Reading & Composition

Reading & Composition

The Home and the World
Course Number: 
R1A.006
Course Catalog Number: 
25057
Course Type or Level: 
Instructor: 
Caitlin Scholl
Days: 
MWF
Time: 
12-1
Semester: 
Location: 
Remote

This year, a global pandemic has conscribed much of our world to the home. Among the many contradictions of late capitalism, few have been so palpable: as we chart the global circulation of a virus, our own individual circuits—our worlds—have become, by necessity, increasingly circumscribed. But even as the border between the home and the world is enforced, by government mandate and by social consciousness, each uncannily bleeds into the other.

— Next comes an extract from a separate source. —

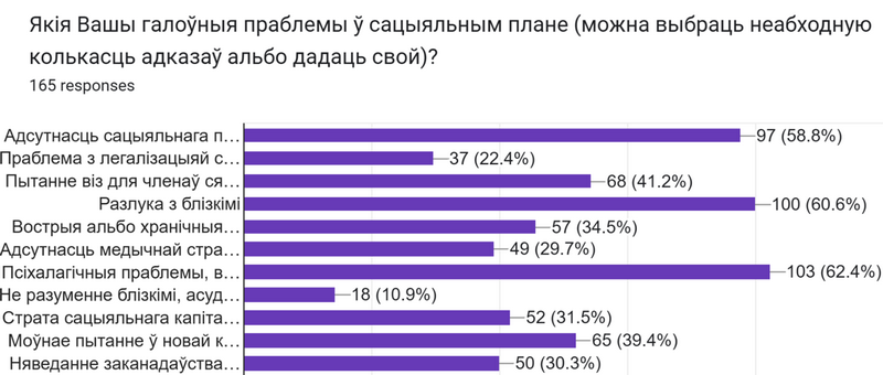 Адсутнасць сацыяльнага пакета, немагчымасць працаваць у штаце – 58,8%. Праблема з легалізацыяй сябе альбо членаў сям’і ў новай – 22,4%. Пытанне віз для членаў сям’і, якія засталіся ў Беларусі – 41,2%. Разлука з блізкімі – 60,6%. Вострыя альбо хранічныя праблемы са здароўем – 34,5%. Адсутнасць медычнай страхоўкі – 29,7%. Псіхалагічныя праблемы, выгаранне, стрэс – 62,6%. Неразуменне блізкімі, асуджэнне – 10,9%. Страта сацыяльнага капіталу, адсутнасць сяброў – 31,5%. Моўнае пытанне ў новай краіне – 39,4%. Няведанне заканадаўства новай краіны, няведанне сваіх правоў і магчымасцяў – 30,5%

In this course, we will examine a variety of works from disparate times and places that are concerned with interrogating the relationship between the home and the world. Our readings and film screenings will take us through: Le Guin’s parable of the social contract on which happy homes are built; questions of fate and free will in the supernatural maritime wanderings and homecomings of Odysseus and Sindbad; Borges’ exploration of the age-old desire to see, and possess, the complexity of the world in a single point; the plight of homeless kings, from Shakespeare’s Lear to Kurosawa’s Sengoku-period warlord; colonial centers impinging on rural childhoods, from Ray’s India to Dangarembga’s southern Africa; and Mambéty’s satire of the desires provoked by globalization through one woman’s sinister revenge on her hometown.

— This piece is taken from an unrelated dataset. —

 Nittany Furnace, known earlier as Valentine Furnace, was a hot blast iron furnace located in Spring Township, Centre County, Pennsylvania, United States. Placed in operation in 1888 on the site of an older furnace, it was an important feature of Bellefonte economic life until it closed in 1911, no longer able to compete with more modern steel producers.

As we are reading and viewing these texts, we will also explore current debates surrounding the politics and ethics of “world literature” and “world cinema.” Until the latter half of the 20th century, the concept of world literature in the West usually denoted the study of European literatures in European languages. As these empires began to fall apart at mid-century, people who had formerly been excluded from the canon—that is, the body of works considered to be worthy of study—began to make their way in: authors from outside the West, women, and minorities in the West. This opening of the canon is something to be celebrated, and yet, it has also created new pressures: What happens to cultural and linguistic differences when all of the many literatures of the world are brought together under one category—are they simply smoothed over? What role does the market, and US university syllabi, play in deciding what gets written, translated, and published? What is lost when texts are read only in translation and not in their original languages or when texts are only written in metropolitan languages? In sum, which representations of homes from around the world make it into our homes and under what conditions are they admitted?

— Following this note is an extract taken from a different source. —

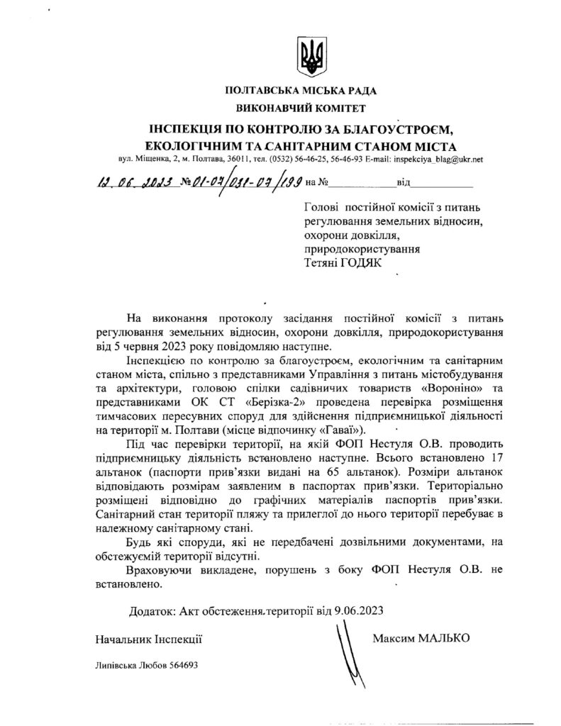 Після цього Інспекція з благоустрою виїхала на місце й засвідчила, що не бачить жодних порушень. Надалі питання розглядатиме земельна комісія Полтавської міської ради.

This is also fundamentally a course about composition, designed to help students develop critical thinking, writing, and oral expression skills that are broadly applicable. Through the study of literary texts, students will learn how to develop interesting analytical arguments and refine their ideas through their drafting and revision of several essays. Finally, this is a discussion-based course, so strong emphasis will be placed on active student participation in all of our class activities.

 

Primary texts include:

Ursula K. Le Guin, “The Ones Who Walk Away from Omelas” (1973)

Excerpts from One Thousand and One Nights (8th-18th cen. CE)

Jorge Luis Borges, “El Aleph” (1945)

Homer, The Odyssey (8th cen. BCE)

Ran, Akira Kurosawa, dir. (1985)

William Shakespeare, King Lear (c. 1606)

Pather Panchali, Satyajit Ray, dir. (1955)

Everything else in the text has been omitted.